We looked at 4 houses the first time around. The first 3 were not what we were looking for. We were getting disappointed and we knew that we weren’t going to settle for anything less than our dream house once we bought even if meant skipping out on the help from this man. When we walked through the door of the 4th house we knew instantly that this was our dream house. Whenever we discussed building a house or buying a fixer-upper we described the house that we standing in. Everything was exactly what we wanted, what we pictured. It was the perfect house for us. But we still had one more house to look at the next morning. We looked at that house and again it wasn’t what we were looking for. Nothing compared to the 4th house.
When my husband and I were waiting on God to give us peace about this situation, he put this stranger into our path after we looked at that last house that morning. We went to breakfast at our local Dunkin Donuts and wouldn’t you know that this man, whom we never met before, was there eating breakfast as well? He noticed my husband’s name tag (he was on his way to work afterward) and introduced himself. We basically ate breakfast with him that morning and we walked away with complete peace knowing that God was at work. We knew that He was opening this door and we needed to walk through it. So with faith, we did.
Fast forward 6 weeks, we had the keys to our dream house, our forever home. We still stand in amazement at how God worked everything out.
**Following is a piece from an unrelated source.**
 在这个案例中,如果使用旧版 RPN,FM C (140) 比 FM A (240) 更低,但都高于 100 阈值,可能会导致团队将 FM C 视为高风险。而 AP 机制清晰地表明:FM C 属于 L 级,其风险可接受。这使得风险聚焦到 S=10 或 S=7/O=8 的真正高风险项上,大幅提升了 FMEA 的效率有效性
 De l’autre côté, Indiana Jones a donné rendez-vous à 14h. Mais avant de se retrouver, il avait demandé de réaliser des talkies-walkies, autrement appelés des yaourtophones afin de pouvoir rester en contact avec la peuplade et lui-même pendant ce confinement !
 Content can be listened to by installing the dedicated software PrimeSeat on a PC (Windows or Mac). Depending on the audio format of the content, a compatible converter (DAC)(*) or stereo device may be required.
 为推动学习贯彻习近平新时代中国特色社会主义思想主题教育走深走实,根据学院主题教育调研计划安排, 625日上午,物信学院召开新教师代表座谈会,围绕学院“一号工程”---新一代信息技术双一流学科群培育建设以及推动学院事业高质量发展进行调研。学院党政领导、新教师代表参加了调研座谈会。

We did not believe or couldn’t have even imagined that within 6 weeks of being told we needed to move out that we would be moving into our forever home.
God knew our dream home was on the market so He needed to create a situation where we needed to move. At the moment it was another tough blow. The uncertainty of the entire situation was hard to handle for me. We felt burned by landlords and physical and financially exhausted from all of the moves. I was afraid we wouldn’t find a place to move in time (we were told the house we were living in would sell in 3 days after it was listed so we were looking at needing to move out in 45 days at most). But God showed up in big ways. God provided above all that we could even ask or think. God answered our prayers, He gave us our dream home when we were not even expecting it.
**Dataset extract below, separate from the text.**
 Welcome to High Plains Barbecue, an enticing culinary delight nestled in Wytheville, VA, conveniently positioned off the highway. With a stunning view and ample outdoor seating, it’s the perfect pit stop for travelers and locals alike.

During those 6 weeks, I felt so many different feelings. But I walked away from it feeling more loved by God than I have in a long time. I needed tangible ways of God’s love at that point in my life. It has been a hard few years and I was at my breaking point and God knew it. God took me under His wings and covered me with His love.
As I walk through this house each day, I am constantly reminded of God’s love towards me. I feel so blessed and amazed at how the story unfolded. My hope is that if I ever feel unloved, or lacking in the blessings department that I will just walk through my home and remind myself just how much God loved me.
Friend, God loves you too. If you are in what feels like a dry season or a hard time, remind yourself of just how God has shown His love towards you in the past. And know in your heart that He will show you just how much He loves in due time. We all need to go through the hard seasons because it’s in those hard times that we grow closer to the Father.